I didn't catch up to Odysseus again for another few minutes, pumping my legs foolishly about me while she sailed on ahead, graceful as a dolphin cutting through water. When at last she slowed herself enough that I could push myself up next to her again, I grabbed onto her arm, determined not to lose her again. The thin skirt of my nightgown flapped around my legs like a cold, silk mouth. "Yes," I said, determined not to let the conversation escape me again. "What is it?"

"What's what?"

"Do you forget everything?" I asked. She jerked suddenly to the left, jerking me and my clenched fingers along with her. My stomach dropped. I turned onto my back so that I could only see the stars instead of all the distance I had to fall. We were rapidly approaching a shoreline, a voluminous vocabulary of water stretched out before us with dark, inky depths. I kept my eyes on the girl's knuckles, dyed white in the moonlight. I clasped her wrist and wondered if I could get away with holding her hand.
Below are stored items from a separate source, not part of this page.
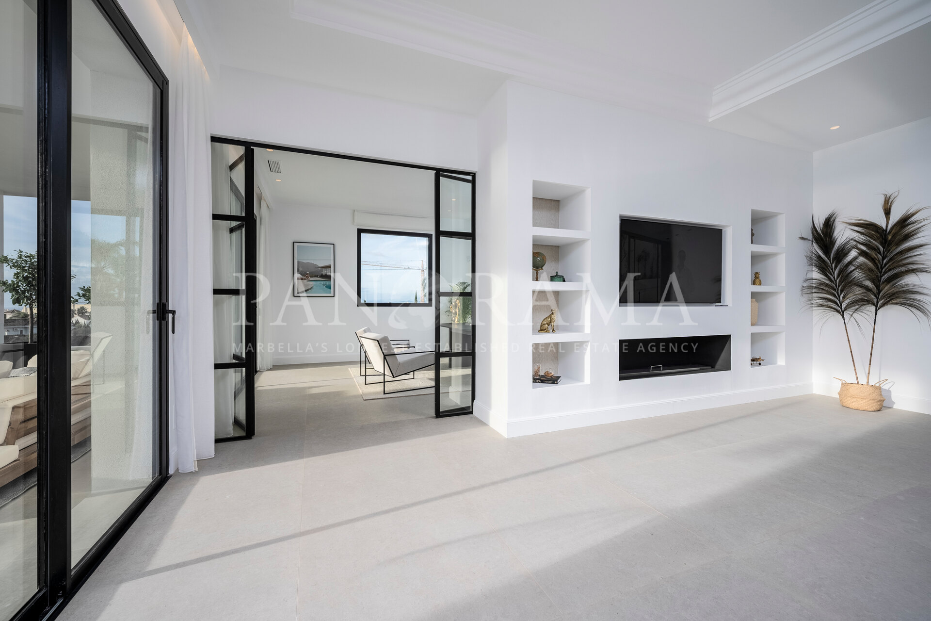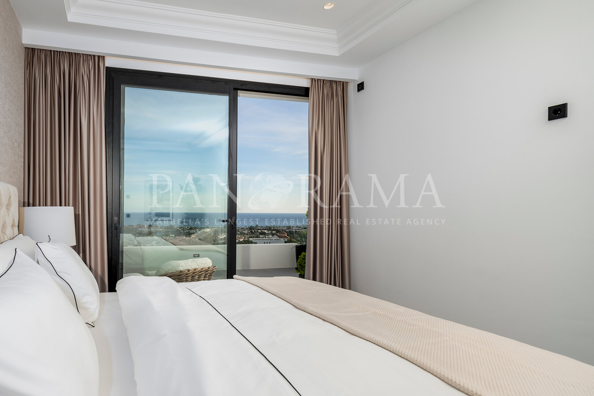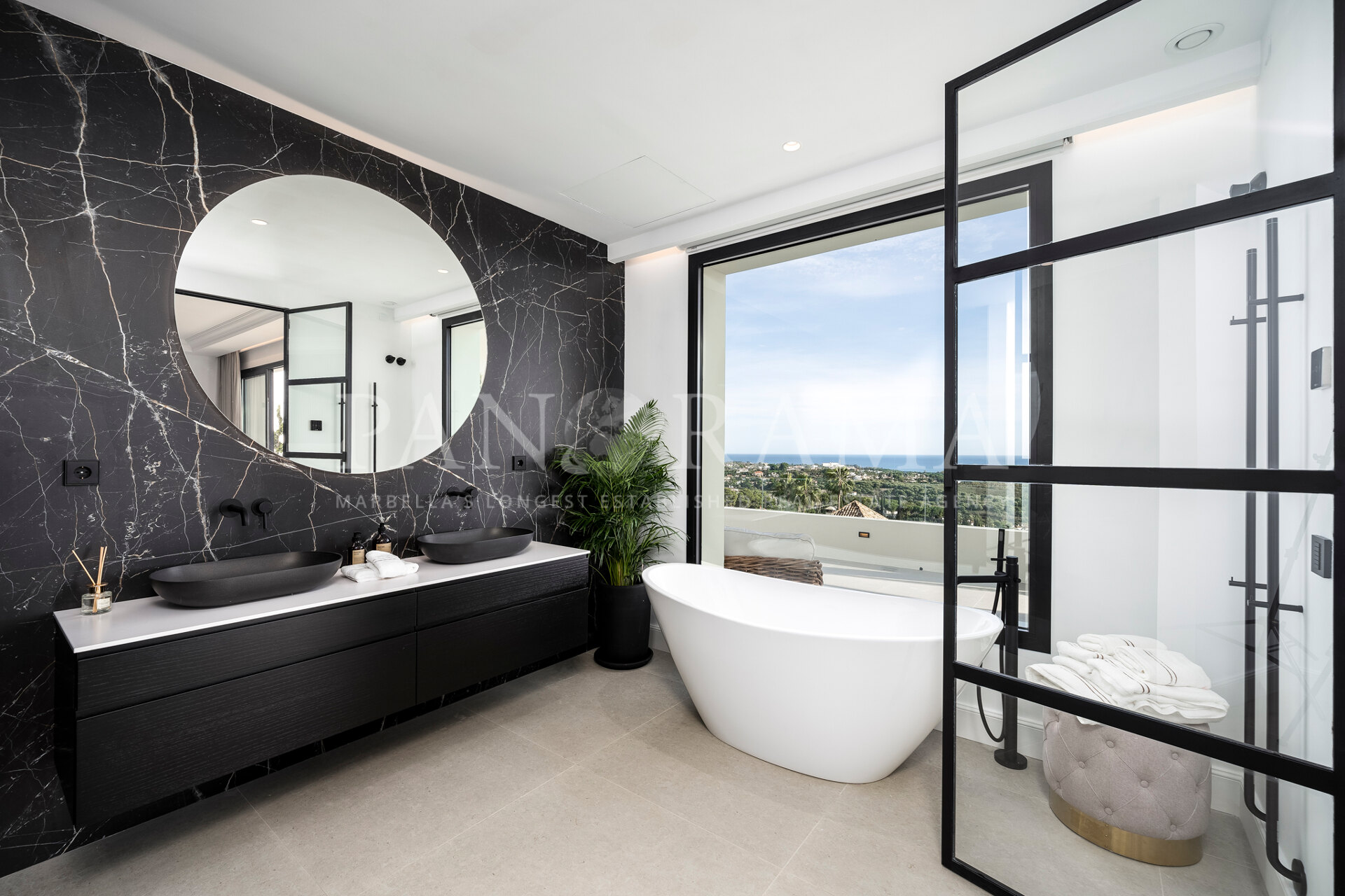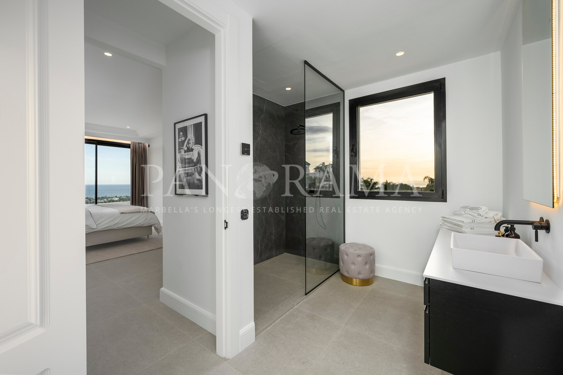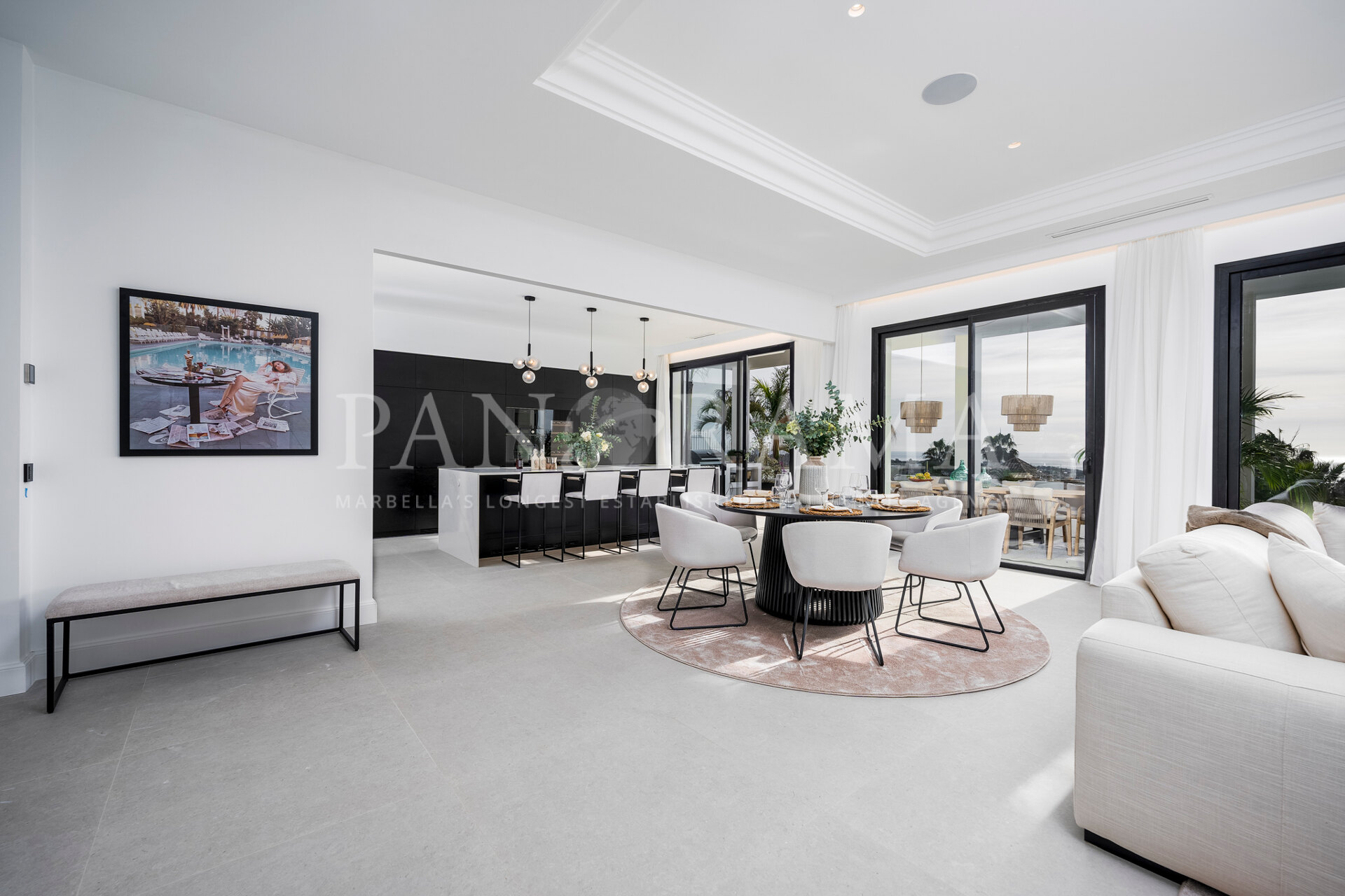 Schon beim Betreten des großen Eingangsbereichs werden Sie von einer Atmosphäre der Raffinesse und Pracht empfangen. Der Mittelpunkt der Eingangshalle ist eine imposante, elegant geschwungene Treppe, die mit einem dramatischen hängenden Lichtobjekt geschmückt ist und sofort Aufmerksamkeit erregt. Wenn Ihr Blick wandert, werden Sie von den atemberaubenden Ausblicken auf das Mittelmeer angezogen, die einen wirklich spektakulären ersten Eindruck hinterlassen und den Ton für den Rest des Hauses setzen.
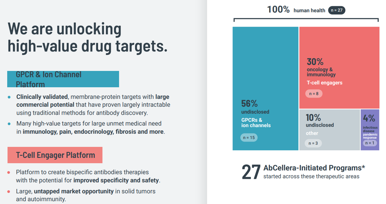 • T-Cell Engager Platform: Focuses on bispecific antibodies for solid tumors and autoimmunity, with the potential for improved safety and specificity. These platforms enable AbCellera to access targets in areas such as pain, fibrosis, and endocrinology that were previously considered largely inaccessible.
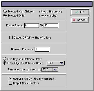 Also select the Object Rotation order to be "ZYX". Leave the reference order the same. To include the field of view information, check the "Output Field-Of-View for cameras" checkbox. Then click OK.

She turned onto her back as well, copying my twist. She pried my fingers away from her right wrist, but she let me weld them back onto her left one. Crossing her legs, Odysseus leaned back into the night, rocking in the gentle breeze. Her cheeks were rashy with cold and I could feel her pulse jumping in her wrist. "Well, not everything," she told the moon. "No one could forget everything. Were you asking something?" She jerked her head toward me and all of a sudden, I had her eyes on me.
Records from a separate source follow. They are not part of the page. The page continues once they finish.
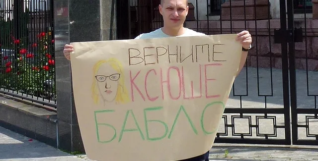 Форма протеста – двойной мономитинг, обусловлена запретом на проведение несанкционированных собраний, действующим как в России, так и в Украине, пояснили Фокус.ua участники акции. Свои требования они выразили на двух плакатах, которые развернули у посольства: "Верните нам страну" и "Верните Ксюше бабло".
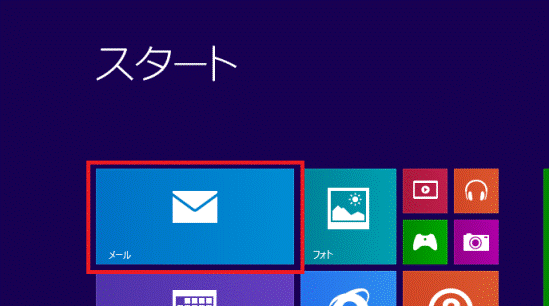 デスクトップの場合は、画面の右下にマウスポインターを移動し、チャームが表示されたら「スタート」をクリックします。 - メールが起動します。
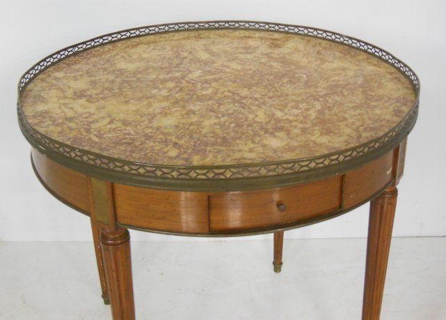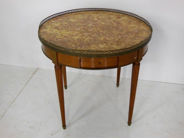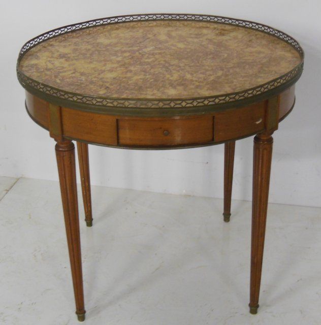 Bronze mounted, marble top, pierced gallery. Approx. 28" H x 29.5" Diam.
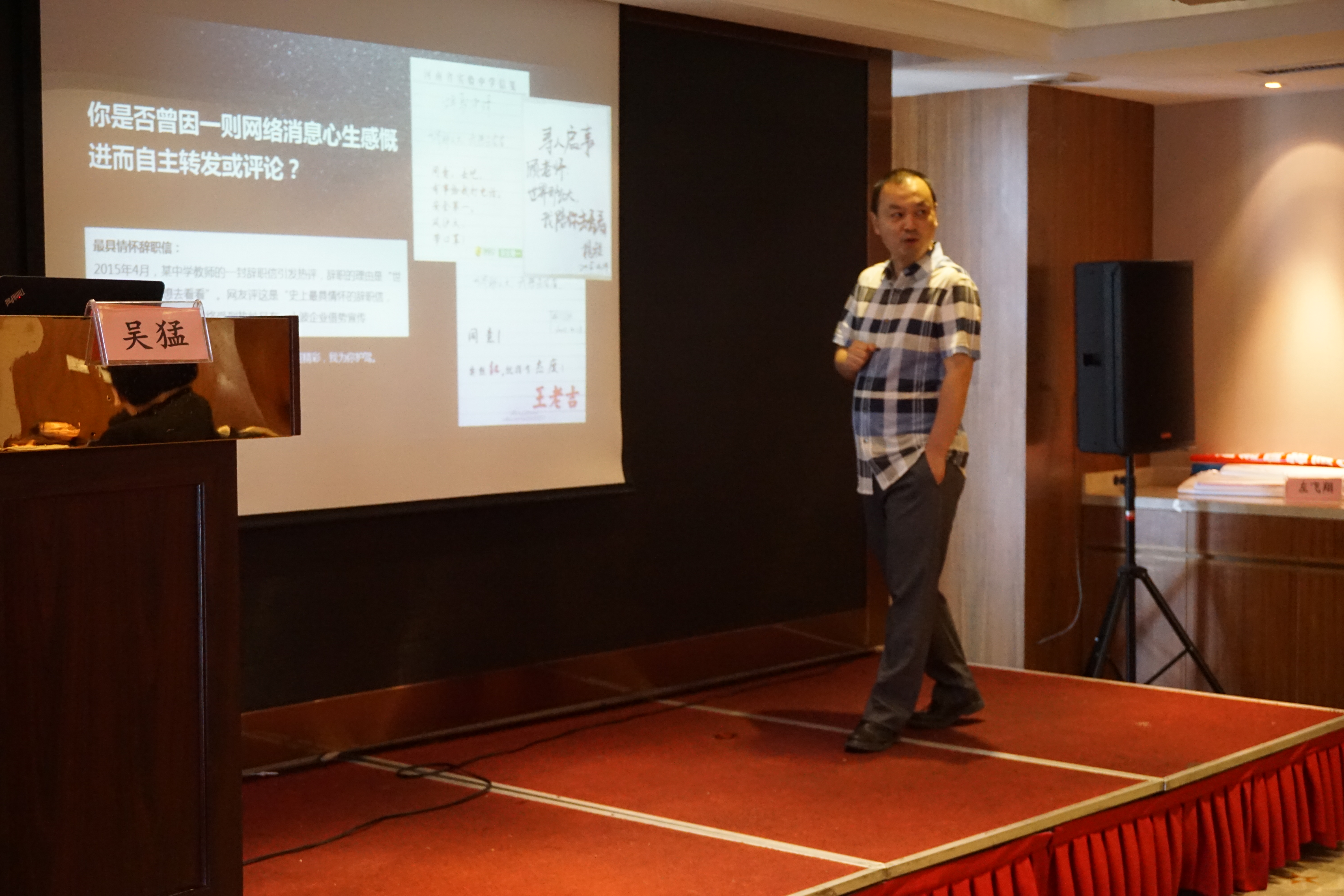 會議特別邀請智揚(yáng)公關(guān)顧問機(jī)構(gòu)總裁吳猛先生做“新媒體營銷分享”的講座。向大家介紹了“什么是新媒體”,同時結(jié)合新媒體相關(guān)案例詳細(xì)解讀了新媒體下的營銷方式和新媒體下的危機(jī)處理等,讓參會代表受益匪淺。
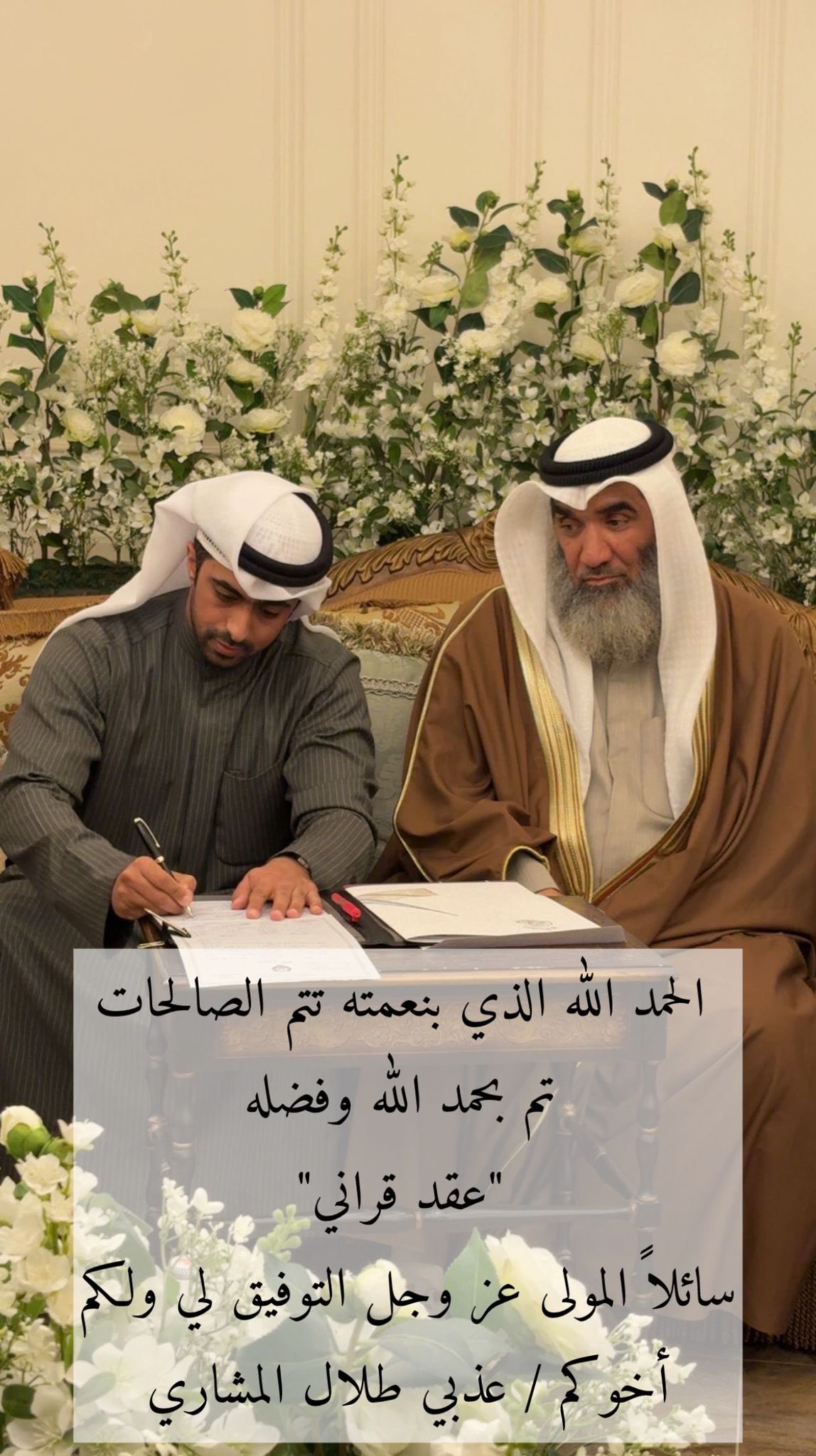 الحمدلله الذي تتم بنعمته الصالحاتتم بحمد الله عقد قران :( عذبي طلال برجس المشاري المطيري…

"Y-yes." I couldn't keep it up. I looked away and gripped her tighter, afraid that she might wriggle free while I wasn't looking. "I asked what your little light is. You have a name for it, don't you? I heard you say it."

"I haven't a clue what you're talking about." That's what she said at first, sort of in a defiant way. But it didn't seem to stick with her that she'd said it, a moment later. "Hestia's my fairy," she told me, her head lolling absently to the side. "She's quite a creature, isn't she?"

A tenderness had crept into her voice that felt like a little lick of fire blossoming in my belly. I grinned to myself, wished she wouldn't stop talking. What a delightful little child, I thought to myself. Forgetful, maybe, a petty thief, perhaps, but delightful. Which is why it took my so long to register that she'd said fairy. "You have a fairy?" I gasped.

"Sure I do," said the girl. The warmth leaked out of her voice, replaced by a twinge of annoyance. "I dunno where she's gotten off to. I oughta keep a better eye on her." And just like that, she pushed away from me and darted off, leaving me to wheel uselessly, endlessly, through the night sky like a bit of space junk drifting through the atmosphere.